Steve Pfost | Newsday | Getty Images
Moderna on Wednesday said its experimental mRNA-based flu vaccine produced a stronger immune response against 4 strains of the virus than a currently available flu vaccine in a late-stage trial, clearing the best way for a path to approval within the U.S.
Shares of Moderna rose 4% in premarket trading Wednesday following the announcement.
The outcomes come as Moderna tries to beef up its pipeline and turn out to be an organization known for greater than its blockbuster mRNA Covid vaccine, which won more approvals from U.S. regulators this week. Moderna expects its Covid shot – its only commercially available product – together with its flu jab, and other experimental respiratory vaccines to make as much as $15 billion in sales by 2027.
Wednesday’s results are also a sigh of relief for Moderna after the corporate pushed back its experimental flu shot program in April. An initial vaccine formula didn’t accumulate enough data to find out its efficacy, so the corporate reformulated the shot.
That appeared to repay in the most recent phase three trial. Moderna compared the flu vaccine, dubbed mRNA-1010, to a currently approved seasonal flu vaccine from GlaxoSmithKline called Fluarix.
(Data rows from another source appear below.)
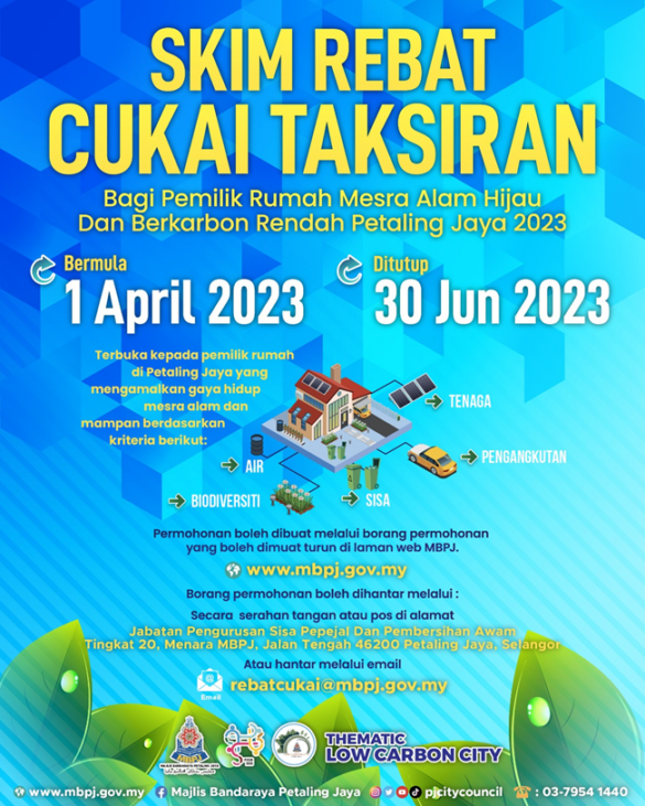 (莎阿南6日讯) 八打灵再也市政厅提供2023年门牌税回扣福利,鼓励市民在生活中贯彻绿色环保及低碳过活,以享有该回扣。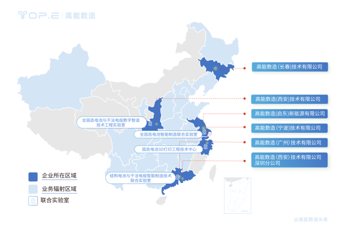 自 2021 年成立起,高能數造以 “研發 + 產業化” 雙線并行戰略,構建全國協同網絡:西安為核心研發策源地,持續輸出前沿技術;長春、寧波、啟東分別在服務主機廠、新材料驗證、設備制造環節筑牢產業支撐,形成覆蓋研發、生產、制造的全鏈條能力。2025年9 月,廣州第二總部建成與首條干法電極中試線落地,成為高能數造發展的雙里程碑。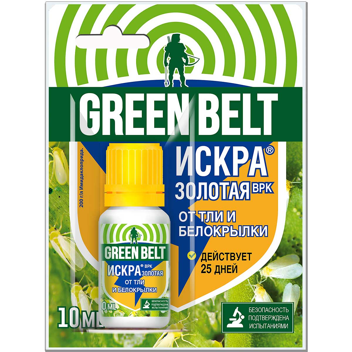 Известный инсектицид Искра Золотая на основе имидаклоприда — органический препарат от вредителей с длительным действием против сосущих, летающих и листогрызущих насекомых на сельскохозяйственных посадках. Для частных огородников выпускается в ампулах по 1 и 5 мл., а также флаконах по 5 и 10 мл. жидкого водорастворимого концентрата. Средство не распыляют вблизи пасек. Умеренный класс опасности для человека. Рабочие разведения препарата на протяжении сезона активно применяют: До 3-х раз на томатах, капусте и пр. от тлей и трипсов, блошек и стеблевых нематод, белокрылок и совок; До 2-х раз на картофеле от коровки, колорадского жука, картофельной мухи, моли; Однократно на декоративных посадках от калифорнийского трипса, филлоксеры, щитовки, цикад.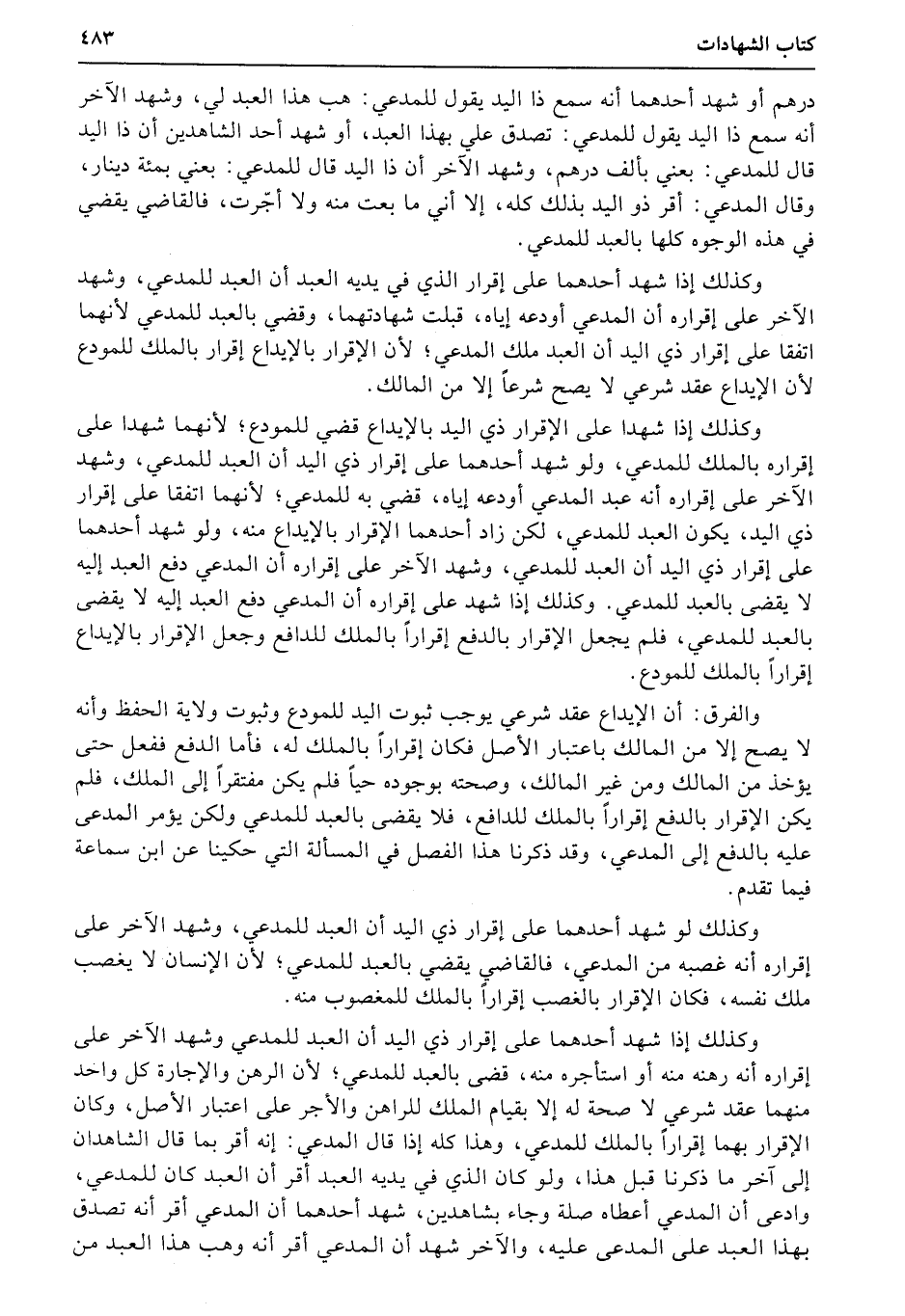 وكذلك إذا شهد على إقراره أن المدعي دفع العبد إليه لا يقضى بالعبد للمدعي، فلم يجعل الإقرار بالدفع إقراراً بالملك للدافع وجعل الإقرار بالإيداع إقراراً بالملك للمودع.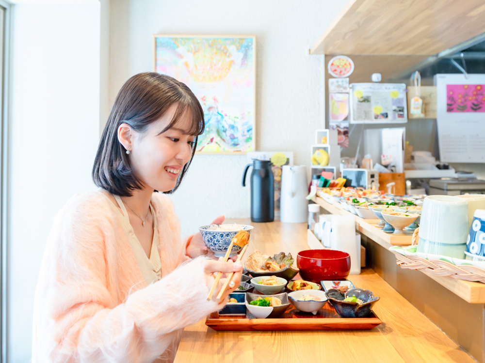 お店は、ヘルシーなランチが評判の定食屋さんで、手づくりのおばんざいには、野菜がたっぷりと使われているんですって。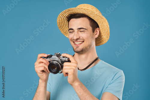 summer, background, isolated, young, male, man, photogenic, happy, studio, casual attire, people, hipster, person, travel, yellow, clothes, camera, lifestyle, adult, holiday maker, hand, cocktail, orange, smiling, photo, boy, drink, full, hat, style, mobile, soda, length, taking, cooler, box, phone, joy, food, mobile phone, holding, calm, bag, camping, cold, 1, selfie, walking, fashion, sunglasses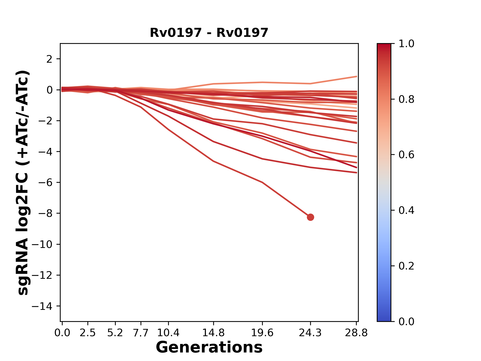 Here, we show sgRNA log2 fold-change values (L2FC) (plus versus minus ATc) over consecutive generations for sgRNAs targeting the gene you selected.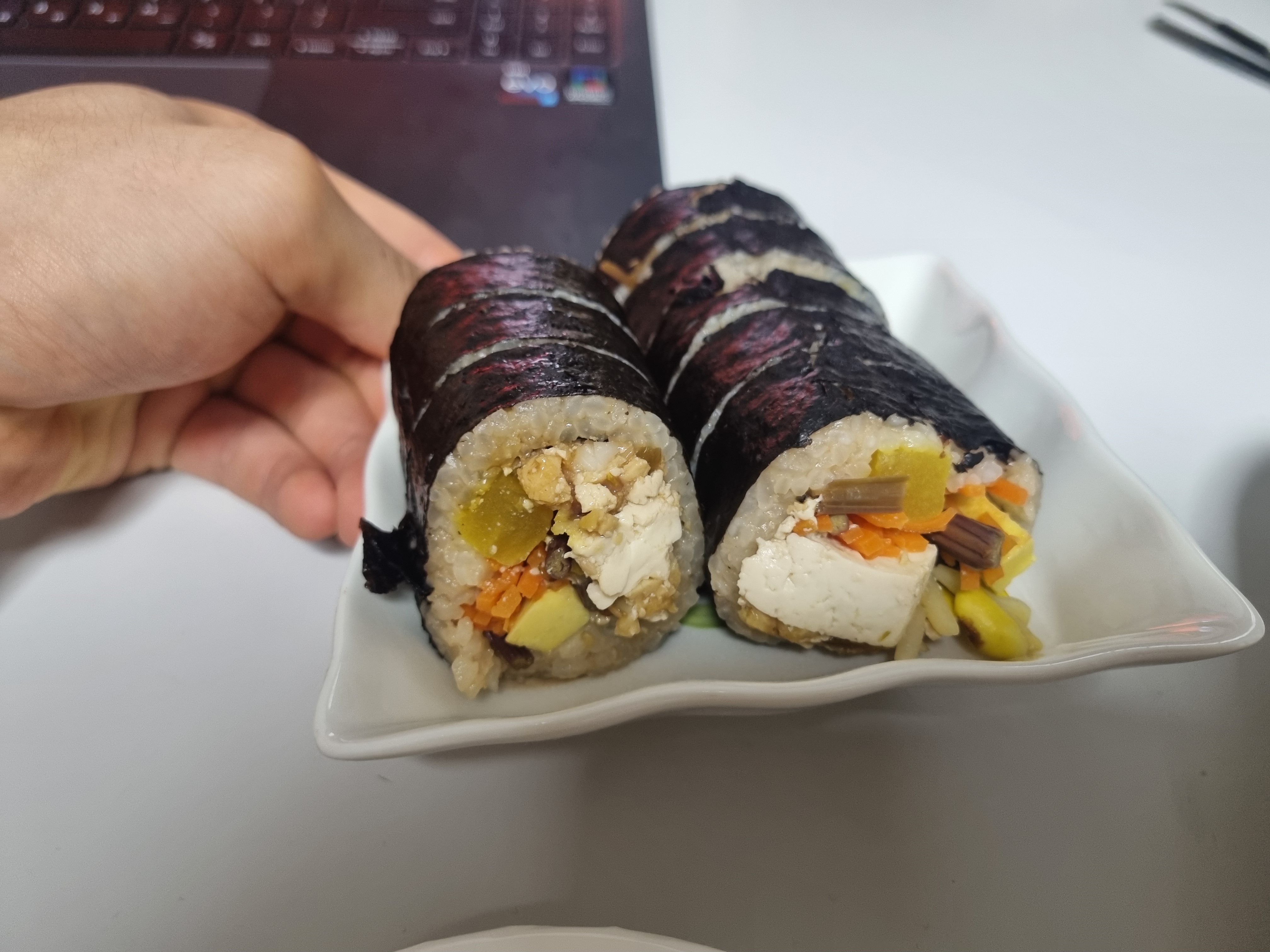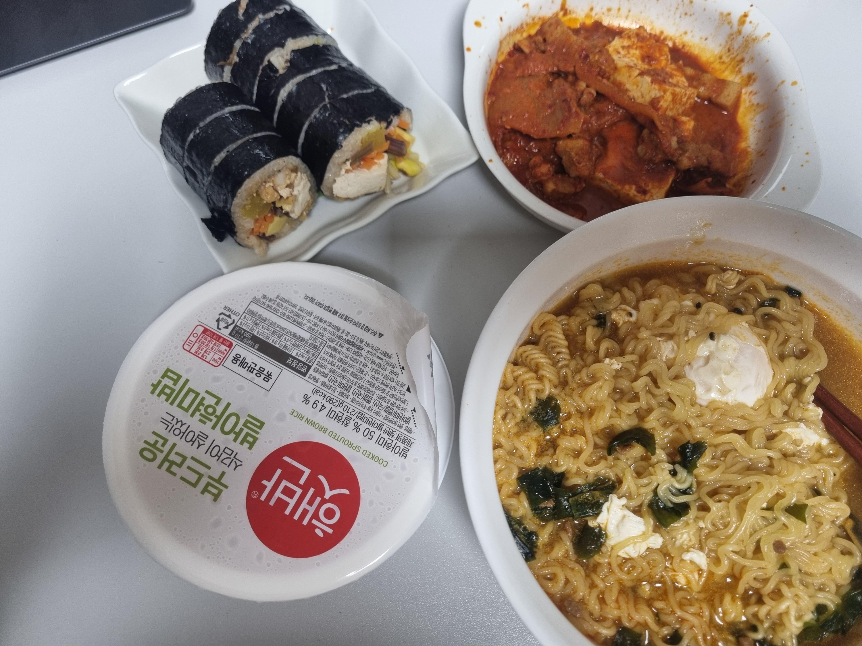 배달을 시키기에는 돈이 아까워 그냥 라면 하나를 샀다. 다른 것도 하나 살까 하고 김밥 코너를 봤는데 통영식 김밥이 있다. 통영에 통영식 김밥이 있나? 내 고향인데 그런 건 처음 들어봤다. 충무김밥이면 모르겠지만. 그래서 사봤다. 통영에 이런 김밥이 있었나? 두부가 들어간 김밥? 이런 건 처음 봤다. 사기를 당했다.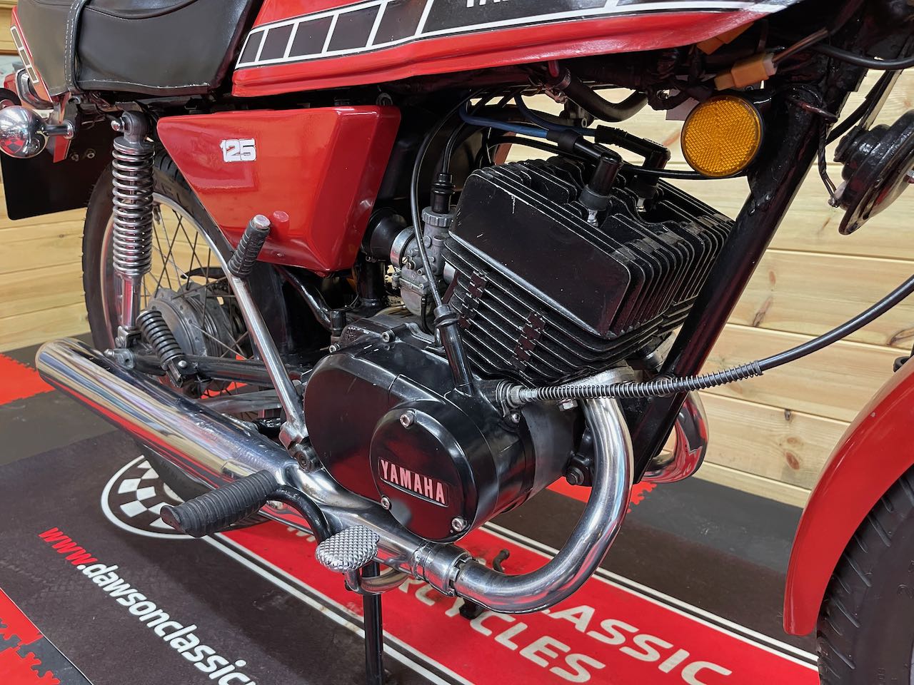 We are pleased to offer our RD125, in our opinion one of the sweetest 125 motors available! Great little rev happy twin cylinder..  First seen on UK roads back in 1974, the RD125 shared much in common with its predecessor, the Y-AS3. Featuring an air cooled twin cylinder 125cc engine, disc brake at the front, drum at the rear and a conventional steel tube frame and coffin shaped petrol tank. The RD125 was a stylish little bike with excellent performance for its size.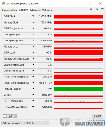 A première vue la carte grimpe vite au compteur pour une 2080 Ti en taquinant les 2 GHz tout enrestant à 60°C au niveau du GPU. Une belle performance, mais qui s'obtient avec des moulins à 70%, nous verrons quelle incidence cela a sur notre configuration plus tard.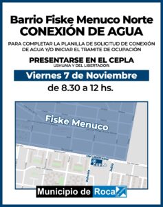 General Roca. – Teniendo en cuenta que la obra de abastecimiento de agua potable en barrio Fiske Menuco Norte se encuentra en etapa final, se solicita a los vecinos y vecinas que aún no han concluido el trámite de solicitud de conexión del servicio, que lo realicen a la brevedad posible.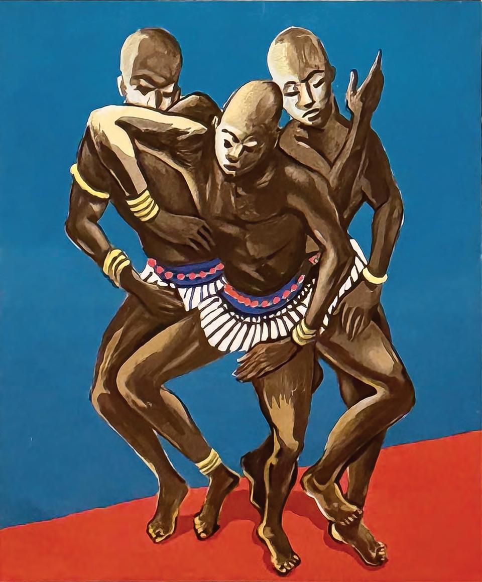 Lois Mailou Jones, Untitled (African Dancers), 1996, Silkscreen print, 271/4 x 24 inches, Collection of Leslie Oliver Ellison
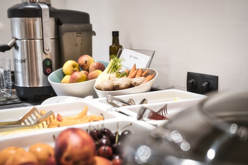 Het lifestyle ontbijt in Hotel Die Arlbergerin biedt een buffet voor elke smaak. Van zelfgemaakte ham tot zelfgemaakte jam. U kunt zich naar believen een weg banen door ons uitgebreide ontbijtbuffet.

An interim evaluation of the trial found that mRNA-1010 produced higher antibody levels for all 4 influenza strains really helpful by the World Health Organization – two each for influenza A and B – in comparison with Fluarix. Moderna’s flu shot also generated higher seroconversion rates, which refers back to the development of specific antibodies against a virus.
Moderna said the protection findings were similar within the trial to previous ones, which found muscle pain, headache, fatigue, pain and swelling as essentially the most common unwanted effects of mRNA-1010.
Also on Wednesday, Moderna said it’s ending a separate phase three trial on the primary version of its flu vaccine. That study didn’t generate enough cases to offer efficacy data.
Meanwhile, Moderna on Wednesday said it expects a call from the Food and Drug Administration on its mRNA vaccine for respiratory syncytial virus in adults 60 and older by April. The FDA approved RSV vaccines for older adults from Pfizer and GSK in May.
“Our mRNA platform is working,” Moderna CEO Stephane Bancel said in a press release. “With today’s positive phase 3 flu results, together with previous ends in Covid and RSV, we at the moment are three for 3 on advancing respiratory disease programs to positive phase 3 data.”
The corporate will hold a virtual event at 1 p.m. ET on Wednesday to debate research and development updates with investors.